Heuristic:Fastai Fastbook Weight Decay Tuning
| Knowledge Sources | |
|---|---|
| Domains | Optimization, Regularization |
| Last Updated | 2026-02-09 17:00 GMT |
Overview
Weight decay (`wd`) regularization heuristic: use `wd=0.1` for collaborative filtering and NLP, rely on fastai defaults elsewhere.
Description
Weight decay (L2 regularization) penalizes large parameter values by adding a term proportional to the sum of squared weights to the loss function.
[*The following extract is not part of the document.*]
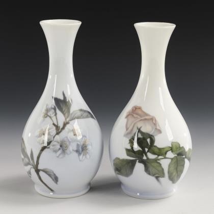 Birnvasen: 1x mit der schauseitigen Darstellung einer Rose, 1x mit der Darstellung eines blühenden Kirschzweiges
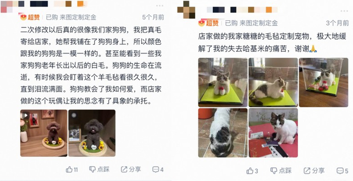 据介绍,平台上不仅有前沿的数字技术延续爱意,还有许多充满温度的手作店铺,用一针一线帮铲屎官留住温情。十三年前,琴姐在淘宝开了一家名为“御姐屋毛毡手艺”的店铺,一针一针地戳出宠物仿真羊毛毡,把爱宠的模样永久定格。

In practice, rather than computing the expensive sum `wd * (parameters**2).sum()`, the gradient is directly modified: `parameters.grad += wd * 2 * parameters`. The fastai library simplifies this further (absorbing the factor of 2 into the `wd` parameter), so users just pass `wd=` to `fit_one_cycle`.
Usage
Use this heuristic when training models that show signs of overfitting (validation loss increasing while training loss decreases). Particularly important for:
- Collaborative filtering: Embedding-based models tend to overfit on sparse user-item matrices
- NLP language models: Large vocabularies and sequential dependencies encourage overfitting
- Any model where you observe a growing gap between training and validation metrics
The Insight (Rule of Thumb)
- Action: Pass `wd=` parameter to `fit_one_cycle` or `fit`.
- Value: `wd=0.1` for collaborative filtering and NLP models. fastai's default weight decay works well for vision models.
- Trade-off: Higher weight decay constrains model capacity (prevents large weights) which can reduce overfitting but may underfit if set too high.
Reasoning
Weight decay is mathematically equivalent to adding `wd * (parameters**2).sum()` to the loss, but is implemented as a direct gradient modification for efficiency and numerical stability. The value `wd=0.1` was shown in the Fastbook collaborative filtering chapter to significantly improve validation loss (from overfitting to stable convergence). The key principle is that constraining weight magnitudes forces the model to learn more generalizable representations rather than memorizing the training set.
Code Evidence
Weight decay explanation and usage from `08_collab.md:371-388`:
# Theory: loss_with_wd = loss + wd * (parameters**2).sum()
# Practice: parameters.grad += wd * 2 * parameters
model = DotProductBias(n_users, n_movies, 50)
learn = Learner(dls, model, loss_func=MSELossFlat())
learn.fit_one_cycle(5, 5e-3, wd=0.1)
NLP language model with weight decay from `12_nlp_dive.md:836`:
learn.fit_one_cycle(15, 1e-2, wd=0.1)